New Bike Part 9: tailbox and new forks

1 Attaching tailbox frame to fibreglass seat. A soldering iron was used as well, for marking drill positions on the set.

2 That bit of the tailbox finished

3 Scored corflute for lower back half of tailbox

4 Bit blurry, but this is the setup for bending the forks to suit a front wheel.

5 New dropouts held square and roughly alligned with a rear wheel axle, ready for brazing

6 Jig for keeping back v-brake bosses in place. It helps chain clearance that they are close together.

7 Checking v-brake fit, all good

8 painting, working parts of the fork are masked off.

9. A zinc splodge.

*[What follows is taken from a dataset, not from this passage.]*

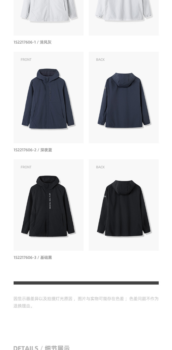 安踏男男连帽上衣外套2022春季新款梭织休闲运动风衣152217606-1/2/3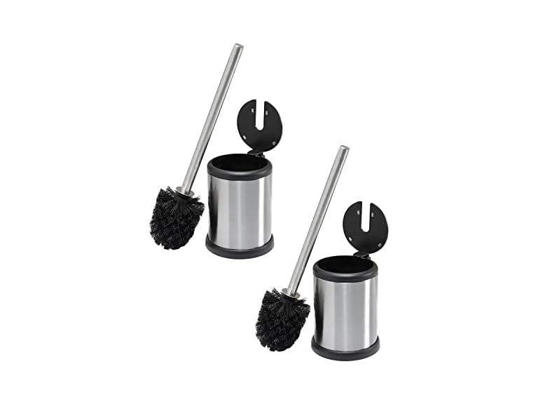 - (1) Bath Bliss Stainless Steel 2 Pack Self Closing Lid Toilet Brush and Holder, Finger Print Proof, Compact, Small Space, 6980-2PK, Silver

I had left a zinc screw bearing cap on the thread when I was brazing and it melted. Oops but no harm done.

10. Assembled

11. Not much chain clearance but enough!

12. The bike with the new fork

13. Steerer is now shorter so exerts less torque at the stem.


I've been working on my new bike, and at first I started in on the tailbox, firstly making a 5mm surround for the seat which I can mount the back of the tailbox on. Work included drilling the seat and attaching the corflute with tape and cable ties. Next I scored and bent a larger 3mm corflute sheet which will be the lower back part of the box.

At about that I realized I wasn't happy with the front fork arrangement, mainly the brake. The Performer fork only had one brake, for a disc, and I didn't like it that much. The existing 2-v-brakes-one-front-one-back has worked fine for a while and I didn't need to change it. Also I wanted a screw on headset, the Aheadsets have never properly worked for me on this style bike.

As well I realized that the stem could probably be swivelled through 180 degrees. If there was enough clearance to the crank, then this would save 100mm or so of steerer material. Lastly the 3 cables from the handlebars wouldn't have to go through a big angle with the new arrangement.

To solve all this I started by ringing my local bike shop to see if they had the fork I wanted which comes from a 451 Byk bike. They didn't have just the right thing but suggested something else. After a shop visit, I found their suggested alternative no good because of the dropout type, thanked them and went on my way.  In the end, shed fossicking revealed I not only had the 451 fork, but also something (20" folding bike fork with short 1 1/8" threaded stem.

A few mods were needed to the fork, these were

Widening the blades using pipes slipped over the tynes as levers.

Removing dropouts and replacing them with custom laser-cut ones

Adding bosses for an extra set of v-brakes behind the fork

Lengthening the distance to the thread from the lower bearing mount

Lengthening the thread length. I'm mixing things up by having a threaded bearing and clamp on stem.

Whew, quite a bit of work!

After checking, I painted it the only colour I have, black. After an afternoon outside, and night inside, it was dry, and this morning it was ready for fitting. That's what I did today, I'm very happy with the resulrs as shown above. 

I managed a test ride late today and tomorrow can shorten part of the steerer (scooter fork at the bottom) to save weight and do some more paining.